Это, да еще вкупе с отсутствием ярко выраженной агитационности и даже просто политической позиции Мастфора, послужило причиной публикации в «Правде» письма трех коммунистов. «Фореггер одной стороной своего существа шлет улыбочки в сторону рабочего класса в виде танца машин, а другой, подлинной и органической своей стороной, обращается к наглому рылу буржуазии, попирающей своими лакированными ботинками то, что дорого рабочему классу»[302]. Грубые слова блюстителей идеологической чистоты определили главное: Фореггер не был политически ангажирован. В равной степени он был безразличен и к буржуазии, и к пролетариату, посвящая себя поиску новой театральности. С этой точки зрения он тоже — «самый формальный режиссер русской сцены». Несмотря на очевидную футуристическую образность спектаклей, Фореггер всегда оставался в театральных границах, обозначенных традиционализмом.

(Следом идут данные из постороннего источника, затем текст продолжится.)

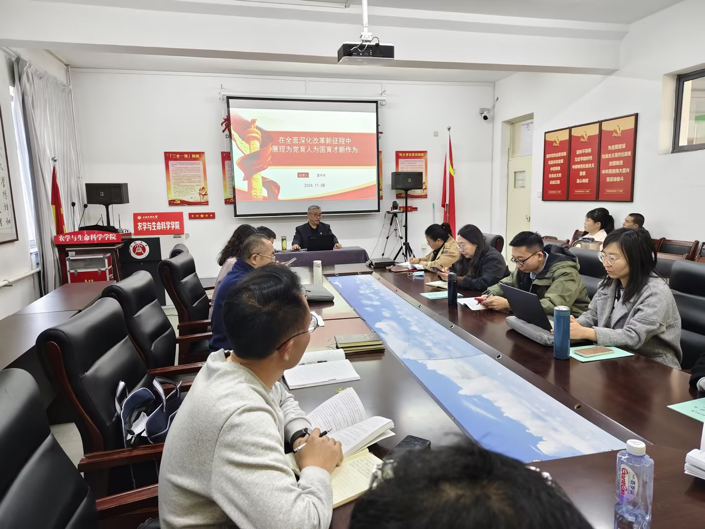 为深入学习贯彻习近平总书记关于全面深化改革的一系列新思想、新观点、新论断,深刻领悟“两个确立”的决定性意义,坚决做到“两个维护”,把思想和行动统一到党中央决策部署上来,11月8日下午,英国365集团公司党委书记富中华为生物科学系教工党支部全体党员讲授《在全面深化改革新征程中展现为党育人为国育才新作为》党的二十届三中全会专题党课。

Ни он, ни кто-либо другой из деятелей русского театра не осуществлял впрямую заветы Маринетти. Но развитие его идей в связи с театральным и, что не менее важно, политическим контекстом эпохи наблюдалось. Манифесты итальянского футуризма, в течение десятилетия остававшиеся в России невостребованными, в начале двадцатых годов дали необыкновенно мощный толчок к развитию русского театрального авангарда. На примере Фореггера хорошо видно, как на отечественной сцене деструктивная составляющая футуризма отходит на второй план, на первый выдвигается проблематика новой образности, нового строения спектакля и пьесы.

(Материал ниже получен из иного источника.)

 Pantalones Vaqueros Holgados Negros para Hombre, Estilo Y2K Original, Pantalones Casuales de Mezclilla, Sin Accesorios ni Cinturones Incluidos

Аналогичное развитие этих идей продемонстрировали ФЭКСы. Можно сказать, что их театральное творчество подхватывало разработку футуристической образности, начатую Фореггером. Но в отличие от Мастфора, ФЭКСы уже не задумывались об истоках театральной маски. Вся их деятельность была продиктована современностью — и в жизни, и в искусстве.

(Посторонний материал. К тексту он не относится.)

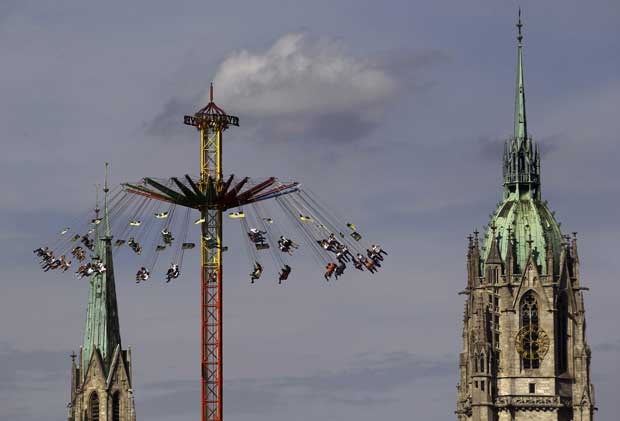 Cerveja e voltas e mais voltas em Theresienwiese. Pode não ser boa mistura... Kai Pfaffenbach/Reuters

Впервые о своих позициях ФЭКСы заявили 5 декабря 1921 года на диспуте об эксцентрическом театре. В своей отправной точке ФЭКСы не оригинальны — отходная старому театру. На смену старому призывался театр эксцентрический — «красотка для чистки театрального запора»[303]. «Наряд»: «Блески и молнии подсознания; Гамлет в клетчатых брюках; обрывки газеты на полу; блеск стали; трупы, валяющиеся на улицах и облизываемые собаками; шампиньоны на навозной куче и т. д.»[304]. Так с молодым задором, с изрядной долей хамства ФЭКСы заявляли тогда о своем рождении. Борьбу с отжившим в искусстве начали со скандала, да так, что «самые умеренные из оппонентов <…> кончили тем, что бросили им обвинение в наглости»[305]. Вся деятельность ранних ФЭКСов, строившаяся на эпатаже, проходила под знаком «Наслаждения быть освистанным».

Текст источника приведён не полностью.